It is alway a good surprise when a task you thought being rather hard turns out to be quite easy when you actually do it. Using select for I/O multiplexing and stuff like this is one of those pleasant surprise. The man page could be quite intimidating, therefore I start with an example. Suppose you are dealing with network communication (or any other form of interaction where an I/O operation could take too long to be correct). You are likely to read (or write) into a file descriptor (previously opened via socket and then bound in some way) AND to check for a timeout. If the operation is taking too long, you want to bail out of the read operation and perform the needed action.If you are stuck with standard read and timer operations you may need to set up some signaling check for the right thread to catch them and so on. But there is a better way.
Select accepts several arguments: a limit, three sets of file descriptors and a timeout, and returns as soon as one of the conditions (defined by arguments) is met. The file descriptor sets are defined via fd_set type (handled with fellow macros FD_SET, FD_ISSET, FD_ZERO and FD_CLR). All these arguments can either be NULL or point to a fd_set. The first one is the set of file descriptors checked for non blocking read. That is that if one of the file descriptors contained in this sets become ready to be read without blocking the caller, then select returns. The next argument is for writable file descriptors and the third one is filedescriptors that have to be checked for errors (exceptions).
The first argument is the maximum filedescriptor contained in the union of the three sets plus one. This serves as a limit to avoid checking the whole range of file descriptor.
The last argument is a timeout.

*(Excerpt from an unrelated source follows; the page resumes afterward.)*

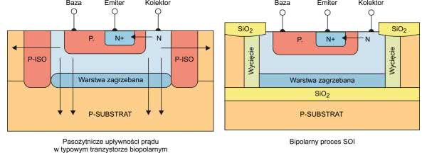 Izolacja z pomocą wycięcia, krzem na izolatorze (SOI) i inne odmiany standardowego procesu produkcyjnego dla urządzenia krzemowego znacznie zmniejszają prąd upływu i umożliwiają pracę z doskonałymi parametrami przy temperaturach wynoszących znacznie powyżej 200°C. Rysunek 3 ilustruje, w jaki sposób dwubiegunowy proces SOI zmniejsza obszar upływu prądu. Materiały szerokopasmowe, takie jak węglik krzemu (SiC), podnoszą poprzeczkę jeszcze wyżej; W badaniach laboratoryjnych układy scalone z węglika krzemu działały poprawnie w temperaturach do 600°C. SiC to jednak nowa technologia procesowa i obecnie na rynku dostępne są tylko proste urządzenia wykonane z tego materiału, takie jak tranzystory mocy, moduły IGBT, diody prostownicze itp.

It is a struct timeval (the same filled in by gettimeofday) that can define timeouts with a microsecond resolution. In practice the resolution is much less fine grained than that and depends on the kernel and the architecture. For example on Linux kernel 2.4 on ARM the resolution is 10ms. Better check the smallest handled timeout before blindly relying on it.
Select returns -1 in case of error, 0 in case of timeout or the number of the filedescriptors that changed status in the three sets.
For the example the return code is easily processed, while for more convoluted cases could be more complex.
Let’s take another example, suppose you are reading audio packets from a stream and you want to decode and playback them. The first approach to this problem could be using two threads with a coupling buffer. One thread reads packets and pushes them into the buffer and the other thread pops the packets out of the buffer and sends them to the audio driver. This is conceptually simple, but not straightforward to do in the right way. When dealing with threading you always have to synchronize them. It is likely that you need a third thread to control the streamer and the player threads.
If you employ select the solution is very simple and natural. Just check the wall clock and compute a timeout for the next play, then wait with select either for a new incoming packet or the time to play.
In this case there is just one thread and the warrant that if you are reading the buffer no one is writing in it. This allows you to simplify the buffer management.
If you are not so lucky to work with Linux, but your daunting task is to earn a living with Windows the good news is that a similar function is available for Microsoft platforms.